Надо сказать, и до этой находки у меня частенько возникало ощущение, что за нами наблюдают. Словно мы рыбки в аквариуме. Есть скучные, есть пёстрые. Большие и маленькие. Те, кто всегда на виду, и те, кто прячется в водорослях, и заметить их можно, только если приглядеться.
Каждые два часа я бегаю к лазарету, бужу Умника и вливаю в него лекарства и воду. Иногда меня ловит с поличным Альфа, и тогда чертыхаясь и называя меня «упрямой» и «глупой», помогает удерживать Умника вертикально. Леннон большую часть времени в бреду, и теперь я знаю, как зовут его собеседницу: Сиенна. У него очень много обид, а у неё, по всей видимости, претензий, главная из которых – непостоянство.

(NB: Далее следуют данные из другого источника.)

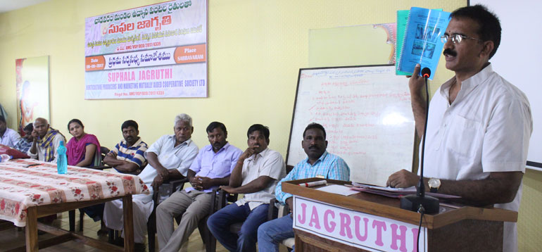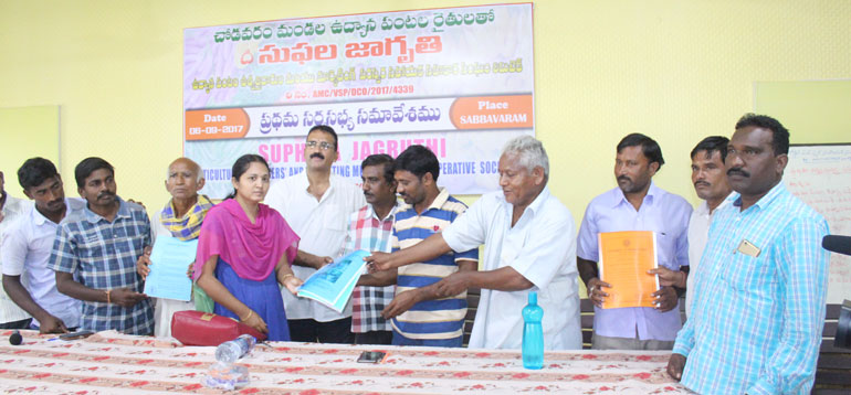 Jagruthi formed a Mutually Aided Co-operative Society for the benefit of the horticulture farmers Chodavaram mandal of Visakhapatnam District. Around 600 farmers registered in the society named as Suphala Jagruthi Horticulture Producers and Marketing Mutually Aided Co-operative Society Limited,. On 06-09-2017.

– Как думаешь, это воспоминания, или бред и галлюцинации? – спрашиваю у Альфы.
– Не знаю, и знать не хочу, – отвечает он.
Ещё два дня спустя парни находят камеру на стоящем живом дереве неподалёку от нашей деревни. Этот момент становится практически кульминационным, звучат версии вплоть до «Ну всё, конец игры, сейчас за нами прилетят вертолёты», «В чём смысл продолжать шоу, если мы их раскусили?».

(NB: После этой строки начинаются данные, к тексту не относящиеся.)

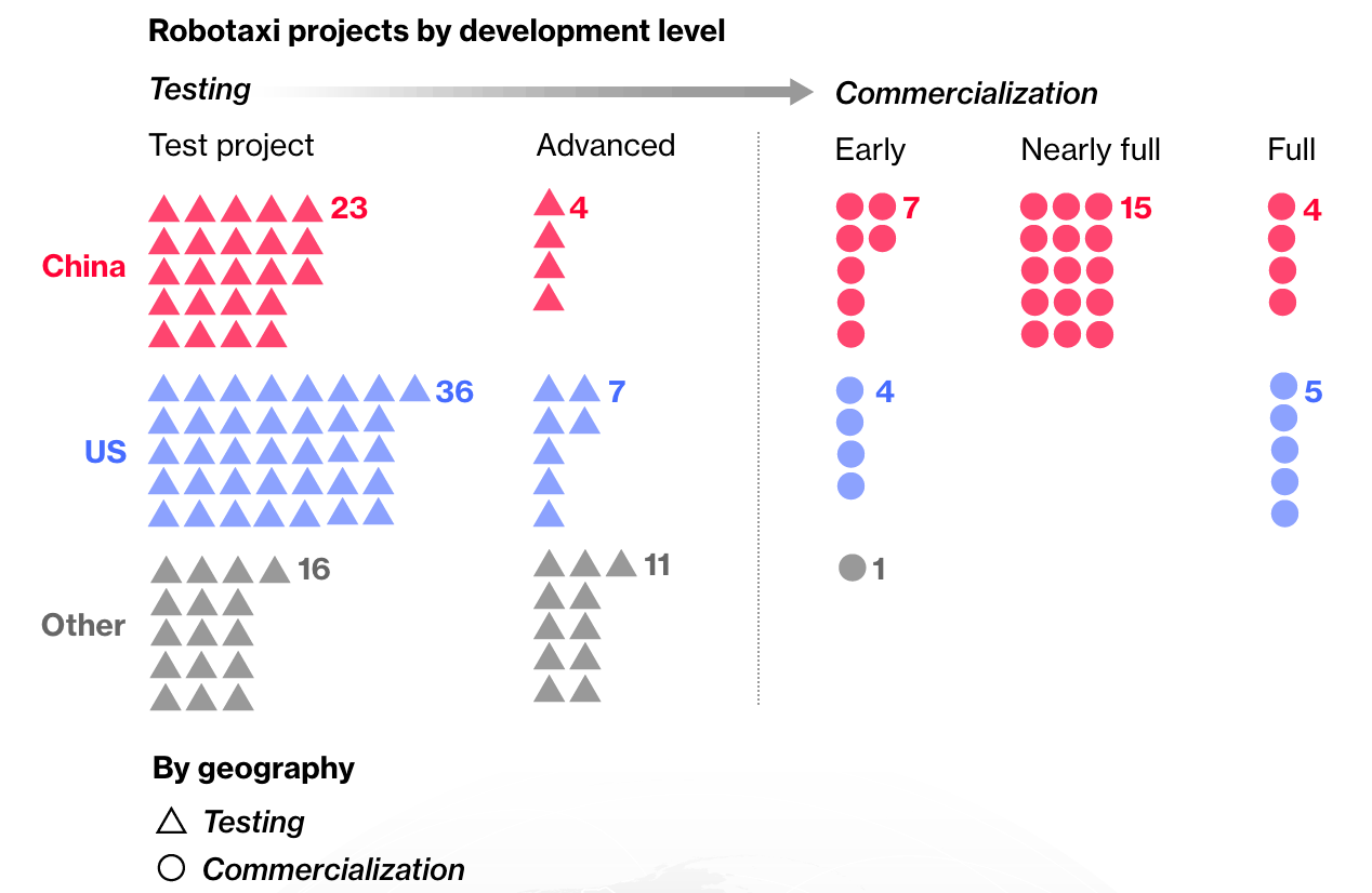 根据彭博新能源财经的分析,百度萝卜快跑、文远知行与小马智行的自动驾驶出租车项目数量已超过美国同行,这些项目正从测试阶段逐步进入不同的商业化阶段。虽然大部分进展主要集中于国内市场,但中国公司已在迪拜、阿布扎比和新加坡等地建立业务,并计划进军德国、英国和其他欧洲市场。

Тем временем, Умник приходит в себя, Леннон перестаёт бредить, много пьёт и впервые сначала болезни съедает обед.
Потом камеру, наконец, снимают с дерева. На ней выбит 1999 год выпуска, линзы забиты пылью, а внутренности паутиной и семенами. Обломки найденной ранее камеры позволяют сделать вывод, что обе принадлежали одной партии. Это открытие возвращает всех к исходной точке: да, возможно, тут и снимали телешоу, но только лет двадцать назад. Кто мы и зачем здесь – вопрос всё ещё открытый. Но главное, мы болеем, иногда опасно, и никто не спешит нам на помощь.
Вечером я снова вижу, как тошнит Цыпу. Я предлагаю ей воды, а она просит меня отвалить.
Я иду к Альфе:
– Цыпе плохо. Её тошнит.
– Хорошо, – говорит он.
– Как это хорошо? Она, наверное, заразилась от Леннона!

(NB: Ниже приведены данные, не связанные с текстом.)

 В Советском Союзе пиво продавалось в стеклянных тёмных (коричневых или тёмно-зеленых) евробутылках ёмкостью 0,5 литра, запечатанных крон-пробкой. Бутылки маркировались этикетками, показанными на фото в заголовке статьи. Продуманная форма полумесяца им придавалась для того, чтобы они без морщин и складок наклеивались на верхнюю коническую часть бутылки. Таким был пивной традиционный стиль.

Альфа бросает обтёсывать кору своим мачете и выпрямляется. Смотрит мне в глаза недолго и выдаёт:
– Я уверен, что с ней всё в порядке. Она не заразилась от Леннона.
– С чего такая уверенность?
– Она не подходила к нему. В отличие от тебя.
– Чтобы заразиться, необязательно подходить! Заразу могли мы с тобой перенести!
– Перенесли, сами не заразились, а её заразили?
– У неё слабый иммунитет. Ну, на фоне всех этих аллергий…
– А у тебя, значит, здоровье на зависть всем?
Я даже плечи распрямляю от возмущения: в какой это момент мы перешли с обсуждения Цыпы, которую каждый день тошнит, на обсуждение меня?
– С ней всё в порядке, – повторяет, глядя мне в глаза. – Она здорова.
Когда вечером я несу своим больным ужин, в лазарете нахожу только Умника. Леннон впервые нашёл в себе силы выйти из хижины на воздух. Он уселся на земле почти у самого края скалы и смотрит на океан – вода прибыла.